Ask HN: Anyone else have symptoms similar to Aspergers? - dyscrete
I have not been diagnosed but I think I&#x27;m smart enough to know I have both ADHD and social anxiety disorder. I found out some of the things I do are actually OCD as well, mostly my thoughts. I was also misdiagnosed with borderline-personality disorder during an ADHD test as a kid. I may have Aspergers or my life growing up as a solo developer messed me up. Does anyone else experience symptoms like these?
======
vonseel
Your fears are not uncommon.
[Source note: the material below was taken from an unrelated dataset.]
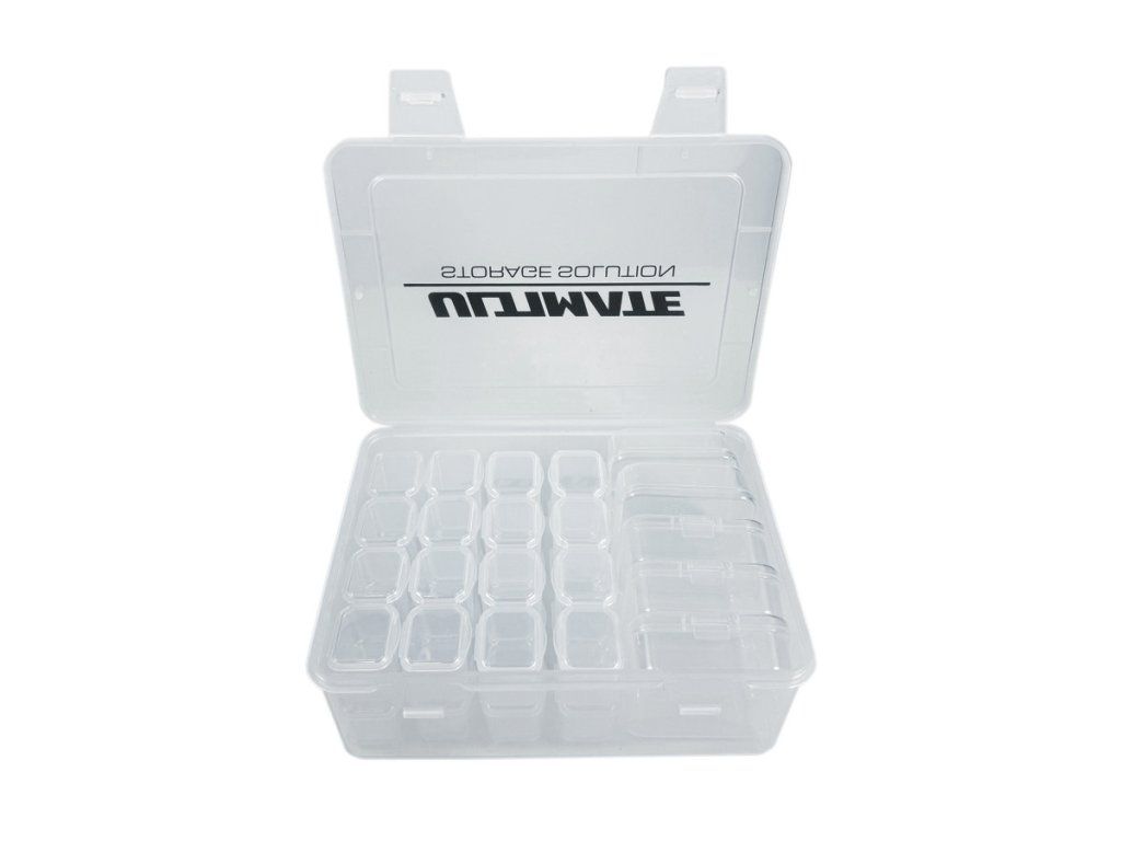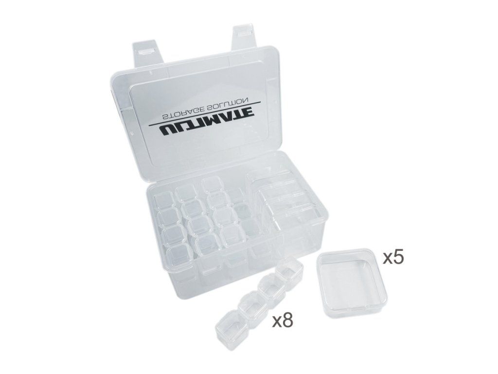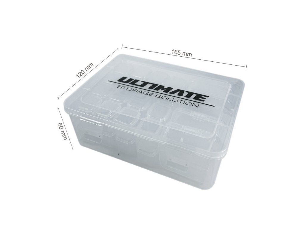 Pevný, odolný, průsvitný box o rozměrech 165x120x60 mm obsahuje 5 vnitřních boxů o rozměrech 55x55x20 mm a 32 boxů o rozměrech 24x20x24 mm se samostatným uzamykatelným víkem pro rychlé a snadné uložení dílů.

There are many of us who feel "different" from
"normal people" and it's too easy to over-analyze and label our emotions and
mental health.

Like you, I have ADHD. Like you, I was misdiagnosed with something ( bipolar
disorder, at 16yo ). Like you, I've wondered if my idiosyncrasies are
attributed to Aspergers.

In the past, I got caught up with these things. I know a few things: a) I have
a classic case of ADHD, b) my ADHD meds appear to stabilize my moods, as I was
always a cranky and generally bitter person to be around before I took meds.
When I take days off of meds now, that part of me re-emerges. Perhaps the
medication makes me calmer and more willing to listen to what other people
have to say.

If there's one line of advice I have to give, it's that everything is on a
spectrum. I once heard a story about a delusional schizophrenic. A man was
standing on the atrium in the psych wards. As each person walked by, he said
something along the lines of, "Greetings, ladies and gentlemen! Will you be
returning for the show this afternoon? CNN, ABC, CBS, all the broadcasters
will be here! Don't forget! At 3 o'clock I give a speech! All the world will
be watching!"

I would never advise against seeing an expert if you really have problems. But
never forget that everything is on a scale and difficult to measure. There are
those who are normal, there are those who are perfect, and there are those
with terrible afflictions. Most of us fit somewhere in between ;).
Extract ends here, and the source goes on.